The New Jersey Department of Health recognized Inspira Health for its collaborative efforts to achieve health equity by expanding access to care and improving the health of residents living in rural communities of southern New Jersey. New Jersey’s nearly 1 million rural residents encompass 10 percent of the state’s population living in small towns and farming communities. Gov. Phil Murphy declared November 13–17, 2023, to be “Rural Health Week,” and National Rural Health Day was observed on November 16.
During a visit to the Leading-Edge Cancer Center at Inspira Medical Center Mullica Hill, NJDOH officials, including Dr. Omolola Taiwo, executive director, Office of Primary Care and Rural Health, NJDOH; Damon Koslow, program manager; and Marisol Meyer, Rural Health Project officer recognized the work of Inspira’s Cancer Grants team, which oversees and provides free cancer screening programs to the underserved, facilitates free tobacco cessation services, provides education on chronic disease prevention; and offers free transportation to help eligible patients get to their appointments, screenings, and treatments. Additionally, the cancer grants team has improved access to health care by providing a community outreach worker to help residents overcome language barriers, and technology challenges, obtain prescriptions, schedule appointments, and complete screenings.
“Today we are recognizing the work of Inspira Health, and particularly its Cancer Grants team, for increasing access to cancer screenings and care, tobacco cessation support, and health education throughout our South Jersey counties,” said Dr. Taiwo. “We look forward to our continued partnership and achieving even greater outcomes by working together on local, state, and national initiatives. Inspira’s unwavering commitment to rural communities truly fosters better health and quality of life.”
Rural communities have their own unique health care challenges, which can often result in poor health outcomes. Within New Jersey, Cumberland and Salem counties have large rural populations and regularly score poorly on health outcome measures including tobacco use cancer prevalence and mortality rates.
Through the NJ Cancer Education and Early Detection program, Inspira provided more than 1,200 free cancer screenings in Cumberland, Gloucester, and Salem Counties in fiscal year 2022 and that number increased to more than 1,300 in 2023.
Starting in June of this year, the Cancer Grants team collaborated with Inspira’s imaging partner, Atlantic Medical Imaging (AMI), to bring a mobile mammography van into the community.
“Our cancer grants team has made it a priority to understand and address the unique barriers to care faced by residents of our rural communities,” said Amy B. Mansue, president and chief executive officer, Inspira Health. “We have been able to successfully collaborate with our community partners on these important initiatives.”
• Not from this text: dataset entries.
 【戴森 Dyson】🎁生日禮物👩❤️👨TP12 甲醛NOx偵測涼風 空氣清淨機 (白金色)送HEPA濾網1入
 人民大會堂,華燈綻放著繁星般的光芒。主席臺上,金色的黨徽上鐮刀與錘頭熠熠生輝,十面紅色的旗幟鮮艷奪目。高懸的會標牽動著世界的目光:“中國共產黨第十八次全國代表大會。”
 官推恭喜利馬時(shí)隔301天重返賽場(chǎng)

“Inspira has developed strategies to help diminish some of the barriers that prevent people from getting the care they need- whether it’s cancer screenings, support for quitting tobacco, or even getting to their appointments,” said Donald Noblet, M.P.H., cancer grants manager for Inspira Health. “And our work with the Region 10 Chronic Disease Coalition also focuses on making sure health care services are accessible and affordable for residents of our rural communities.”
“Through a combination of patient navigation, provider education, and patient incentives, we’ve been able to increase cancer screening completion rates,” said Noblett. “And we look to expand our partnerships even further to assist more people living in our rural areas.”
Each year since 2011, the National Organization of the State Offices of Rural Health recognizes National Rural Health Day. This year, the White House honored the day with a proclamation.